▸ REQUIREMENT
Extract every record, exactly as written, and ignore the pictures.

Dataset entries
----
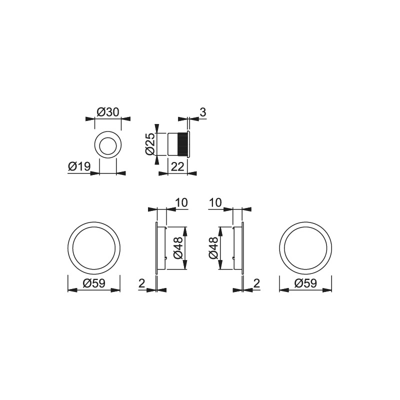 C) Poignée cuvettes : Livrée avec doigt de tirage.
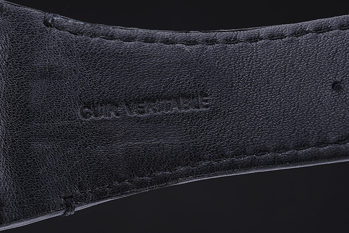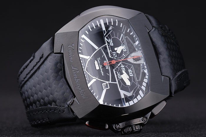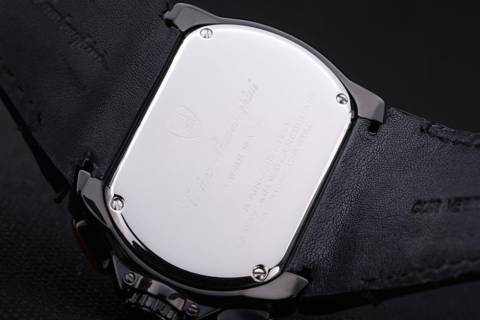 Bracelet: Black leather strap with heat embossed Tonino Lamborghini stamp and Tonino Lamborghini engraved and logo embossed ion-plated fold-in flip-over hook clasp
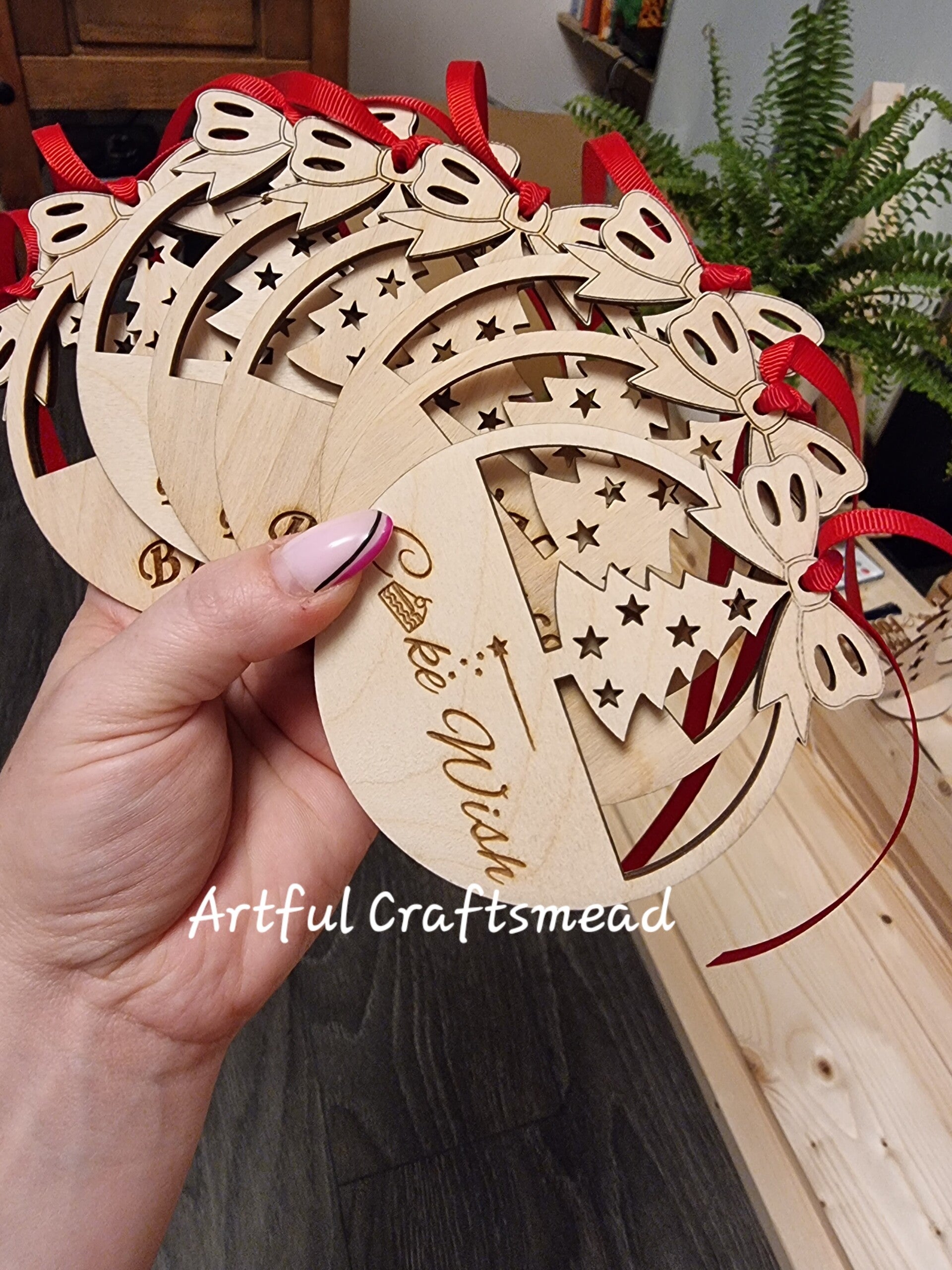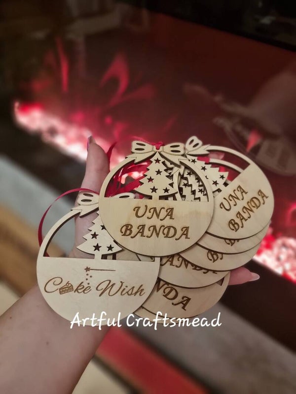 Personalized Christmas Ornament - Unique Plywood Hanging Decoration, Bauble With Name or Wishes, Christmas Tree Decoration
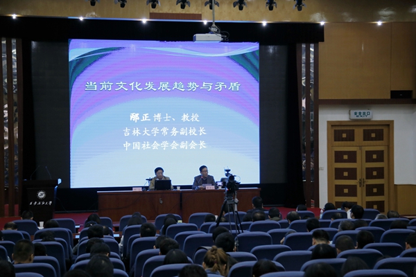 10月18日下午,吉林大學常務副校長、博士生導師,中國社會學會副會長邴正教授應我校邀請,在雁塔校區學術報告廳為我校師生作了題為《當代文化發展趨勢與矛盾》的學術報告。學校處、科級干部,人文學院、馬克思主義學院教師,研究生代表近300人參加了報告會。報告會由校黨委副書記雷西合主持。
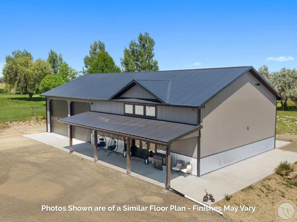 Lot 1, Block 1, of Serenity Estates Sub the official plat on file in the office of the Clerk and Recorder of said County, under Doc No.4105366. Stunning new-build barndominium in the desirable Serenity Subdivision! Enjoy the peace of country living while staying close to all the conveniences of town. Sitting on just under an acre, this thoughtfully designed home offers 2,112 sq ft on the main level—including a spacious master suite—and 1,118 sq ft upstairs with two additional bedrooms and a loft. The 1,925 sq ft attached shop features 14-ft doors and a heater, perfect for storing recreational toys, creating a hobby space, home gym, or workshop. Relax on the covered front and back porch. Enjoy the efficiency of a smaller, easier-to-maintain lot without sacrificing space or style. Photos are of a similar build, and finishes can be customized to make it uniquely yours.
----
▸ ANSWER TO THIS EXERCISE
 C) Poignée cuvettes : Livrée avec doigt de tirage.
 Bracelet: Black leather strap with heat embossed Tonino Lamborghini stamp and Tonino Lamborghini engraved and logo embossed ion-plated fold-in flip-over hook clasp
 Personalized Christmas Ornament - Unique Plywood Hanging Decoration, Bauble With Name or Wishes, Christmas Tree Decoration
 10月18日下午,吉林大學常務副校長、博士生導師,中國社會學會副會長邴正教授應我校邀請,在雁塔校區學術報告廳為我校師生作了題為《當代文化發展趨勢與矛盾》的學術報告。學校處、科級干部,人文學院、馬克思主義學院教師,研究生代表近300人參加了報告會。報告會由校黨委副書記雷西合主持。
 Lot 1, Block 1, of Serenity Estates Sub the official plat on file in the office of the Clerk and Recorder of said County, under Doc No.4105366. Stunning new-build barndominium in the desirable Serenity Subdivision! Enjoy the peace of country living while staying close to all the conveniences of town. Sitting on just under an acre, this thoughtfully designed home offers 2,112 sq ft on the main level—including a spacious master suite—and 1,118 sq ft upstairs with two additional bedrooms and a loft. The 1,925 sq ft attached shop features 14-ft doors and a heater, perfect for storing recreational toys, creating a hobby space, home gym, or workshop. Relax on the covered front and back porch. Enjoy the efficiency of a smaller, easier-to-maintain lot without sacrificing space or style. Photos are of a similar build, and finishes can be customized to make it uniquely yours.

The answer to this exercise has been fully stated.